* [INPUT]:
-------
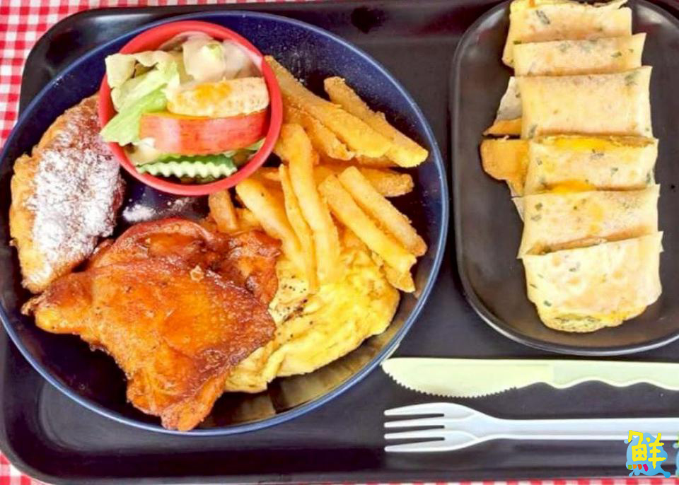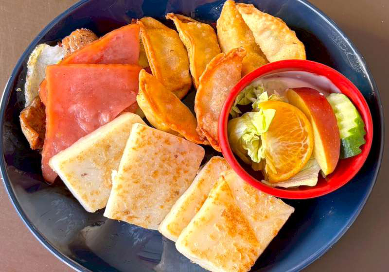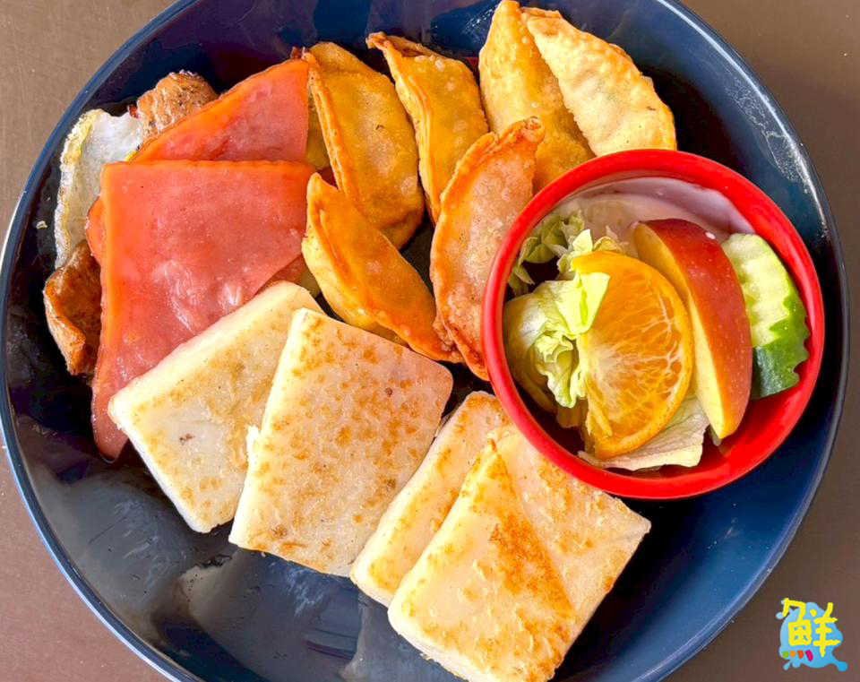▲台式古早味套餐:集結台式早餐常見的蘿蔔糕、火腿、荷包蛋,還有特別的炸水餃和水果沙拉,讓您吃得營養又有儀式感!
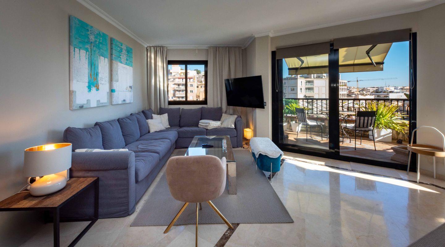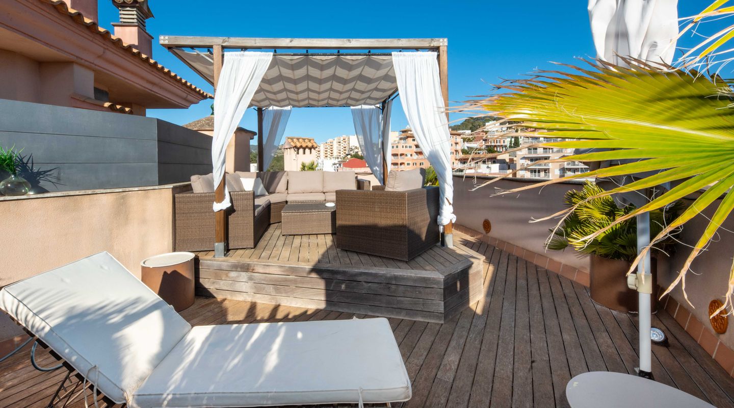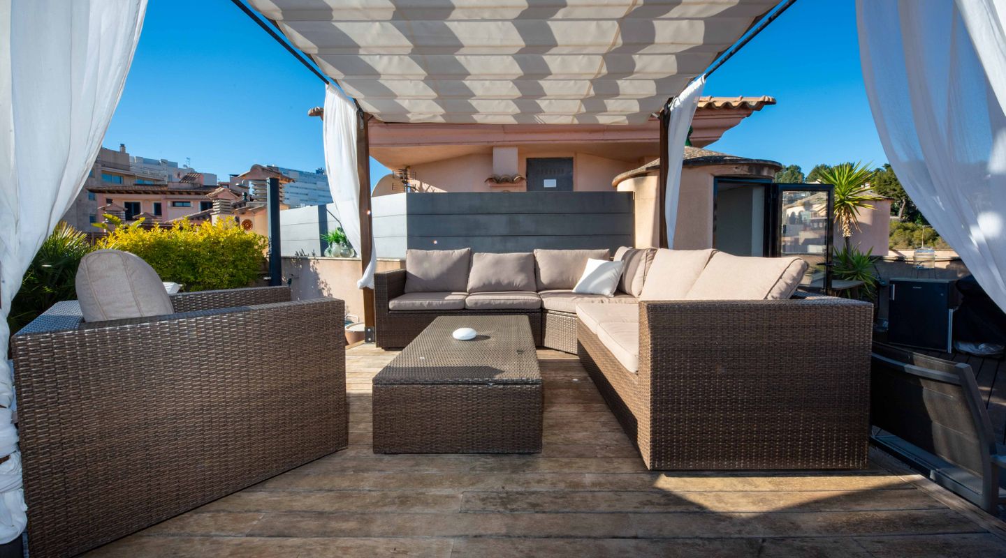 An absolute highlight is the spacious roof terrace with its magnificent views of the city and the port of Palma de Mallorca. From here, you can also enjoy a partial sea view – the perfect place to relax or watch the sunset.
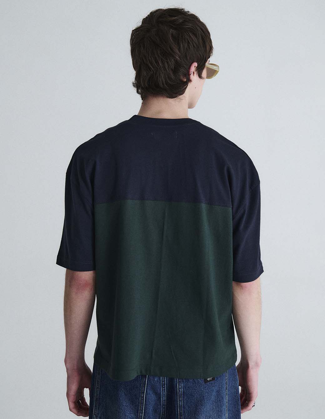Remera m/c cuello redondo de calce amplio regular en jersey combinado, con estampa frontal personalizada .
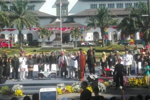 nusakini.com - Presiden Joko Widodo (Jokowi) dan Ibu Iriana Jokowi membuka Karnaval Kemerdekaan Pesona Parahyangan, di Bandung, Jawa Barat, Sabtu (26/8/2017).Pembukaan karnaval ditandai dengan pemukulan kohkol sebanyak 7...
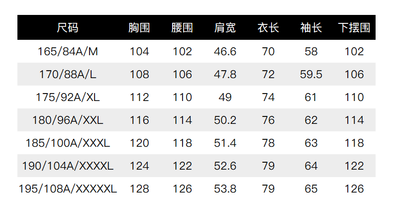 China (cm) 160-165/84-86 165-170 / 88-90 167-172 / 92-96 168-173 / 98-102 170-176 / 106-110
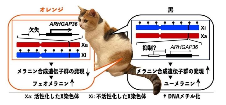 彼らは猫のX染色体上にある「ARHGAP36」という遺伝子領域に注目し、三毛猫のオレンジ色の毛に深く関係するDNAの変化を発見しました。
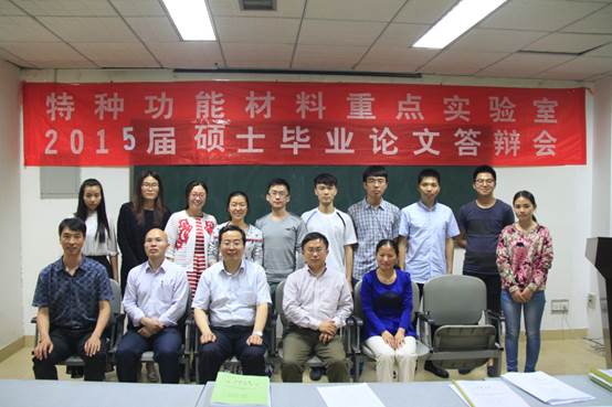 5月15、16日特种功能材料重点实验举行2015届研究生毕业论文答辩会,答辩会分为三楼学术报告厅、二楼学术报告厅两个会场。参加此次答辩会的校外专家有北京理工大学邹炳锁教授、郑州大学李新建教授、李中军教授、河南师范大学杨宗献教授及河南大学特种功能材料重点实验室的部分专家、教授,实验室全体导师及研究生参加了答辩会。
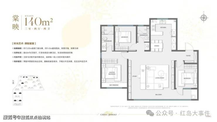 140㎡同样是主力户型,13米的南向开间,配置三房两厅两卫,同样满足二胎甚至三代同堂家庭的需求。
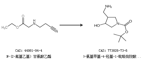 2.通过N-(2-氰基乙基) 甘氨酸乙酯合成3-氨基甲基-4-羟基-1-吡咯烷羧酸-1,1-二甲基乙酯
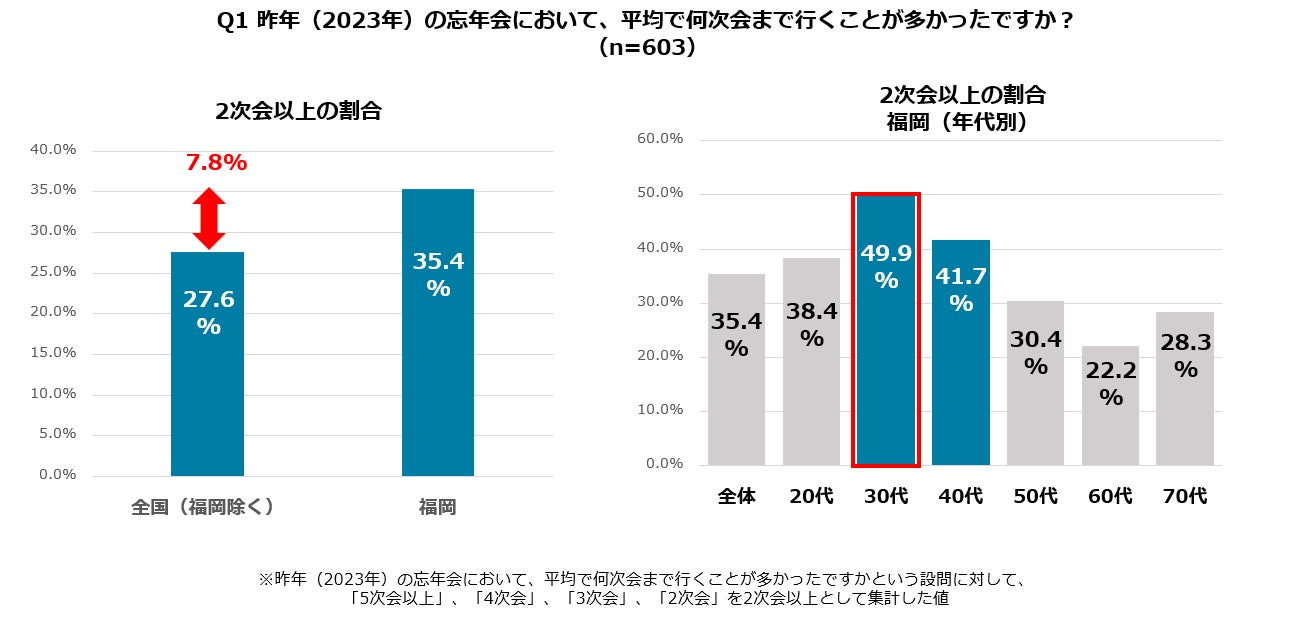 I. 【福岡の忘年会】30代の約5割が「もう一軒」を選択
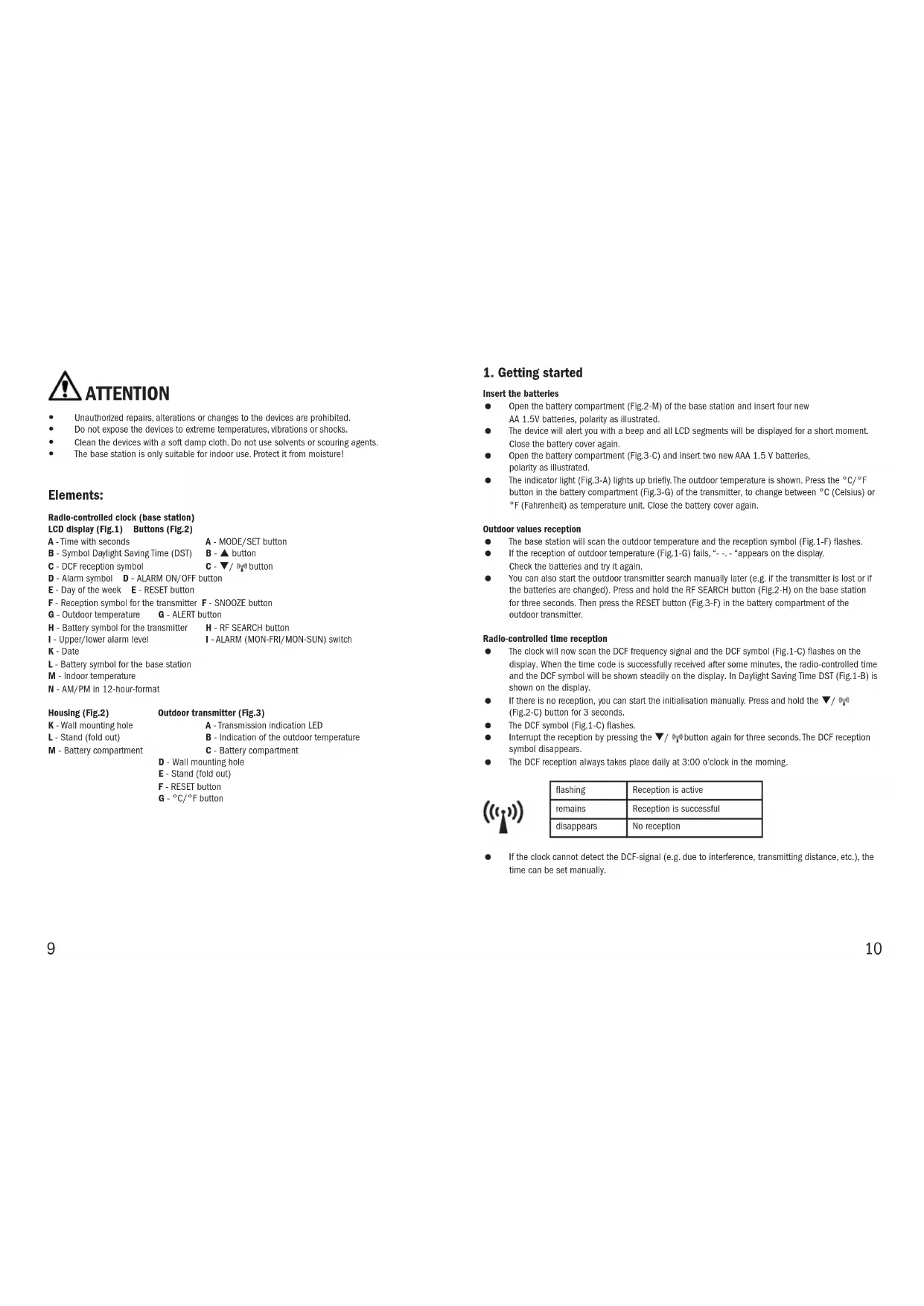 Insert the batteries Open the battery compartment (Fig.2-M) of the base station and insert four new AA 1.5V batteries, polarity as illustrated. The device will alert you with a beep and all LCD segments will be displayed for a short moment. Close the battery cover again. Open the battery compartment (Fig.3-C) and insert two new AAA 1.5 V batteries, polarity as illustrated. The indicator light (Fig.3-A) lights up briey. The outdoor temperature is shown. Press the °C/°F button in the battery compartment (Fig.3-G) of the transmitter, to change between °C (Celsius) or °F (Fahrenheit) as temperature unit. Close the battery cover again.Outdoor values reception The base station will scan the outdoor temperature and the reception symbol (Fig.1-F) ashes. If the reception of outdoor temperature (Fig.1-G) fails, “- -. - “appears on the display. Check the batteries and try it again. You can also start the outdoor transmitter search manually later (e.g. if the transmitter is lost or if the batteries are changed). Press and hold the RF SEARCH button (Fig.2-H) on the base station for three seconds. Then press the RESET button (Fig.3-F) in the battery compartment of the outdoor transmitter.Radio-controlled time reception The clock will now scan the DCF frequency signal and the DCF symbol (Fig.1-C) ashes on the display. When the time code is successfully received after some minutes, the radio-controlled time and the DCF symbol will be shown steadily on the display. In Daylight Saving Time DST (Fig.1-B) is shown on the display. If there is no reception, you can start the initialisation manually. Press and hold the / (Fig.2-C) button for 3 seconds. The DCF symbol (Fig.1-C) ashes. Interrupt the reception by pressing the / button again for three seconds. The DCF reception symbol disappears. The DCF reception always takes place daily at 3:00 o’clock in the morning. If the clock cannot detect the DCF-signal (e.g. due to interference, transmitting distance, etc.), the time can be set manually.ashing Reception is activeremains Reception is successfuldisappears No reception 9 10i Note on radio-controlled time The time is transmitted from an atomic clock near Frankfurt am Main by a DCF-77 (77.5 kHz) frequency signal with a range of about 1,500 km. Your radio-controlled clock receives the signal, converts it and always shows the exact time. The adjustment to Daylight Saving Time (summer/ winter time) is automatic. During night-time, the atmospheric interference is usually less severe. A single daily reception is adequate to keep the accuracy deviation under 1 second. In extreme cases, please place the unit close to a window to improve reception.
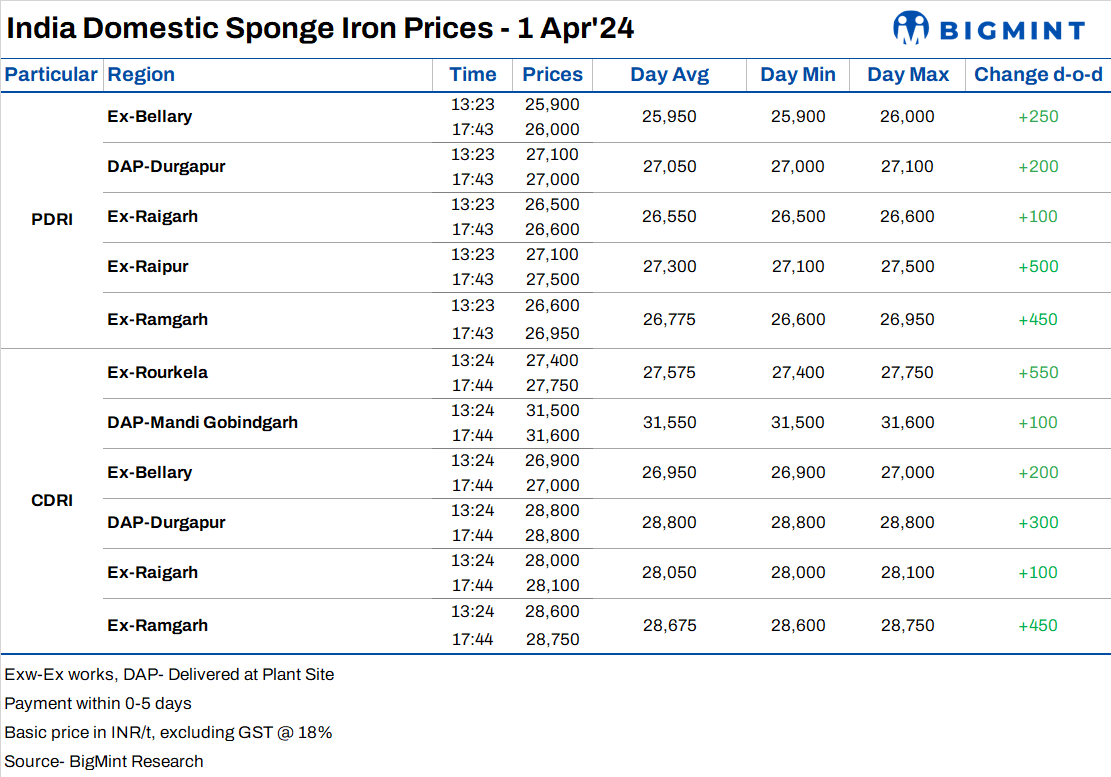 India's sponge iron market witnessed a rise in prices today ranging from INR 100-550/t in all major locations. This increase can be attributed to active spot trading coupled with buying interest.
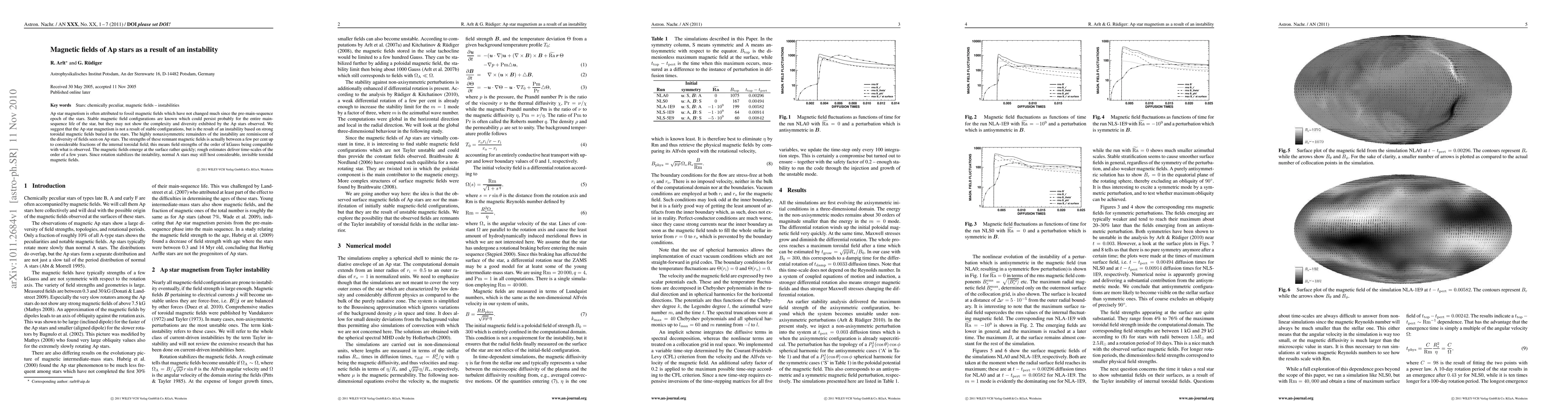 This paper proposes that Ap stars' magnetic fields arise from an instability involving strong toroidal magnetic fields, rather than stable fossil fields. The nonaxisymmetric remnants of this instability explain the observed diversity and field strengths of up to kGauss, emerging at the surface within a few years.
-------
* [EXERCISE DETAILS]: Taking the entries above, extract every line from the one bearing "2.通过N-(2-氰基乙基)" through the one bearing "I. 【福岡の忘年会】30代の約5割が「もう一軒」を選択", exactly, with no pictures.

* [WRITTEN SOLUTION]:
 2.通过N-(2-氰基乙基) 甘氨酸乙酯合成3-氨基甲基-4-羟基-1-吡咯烷羧酸-1,1-二甲基乙酯
 I. 【福岡の忘年会】30代の約5割が「もう一軒」を選択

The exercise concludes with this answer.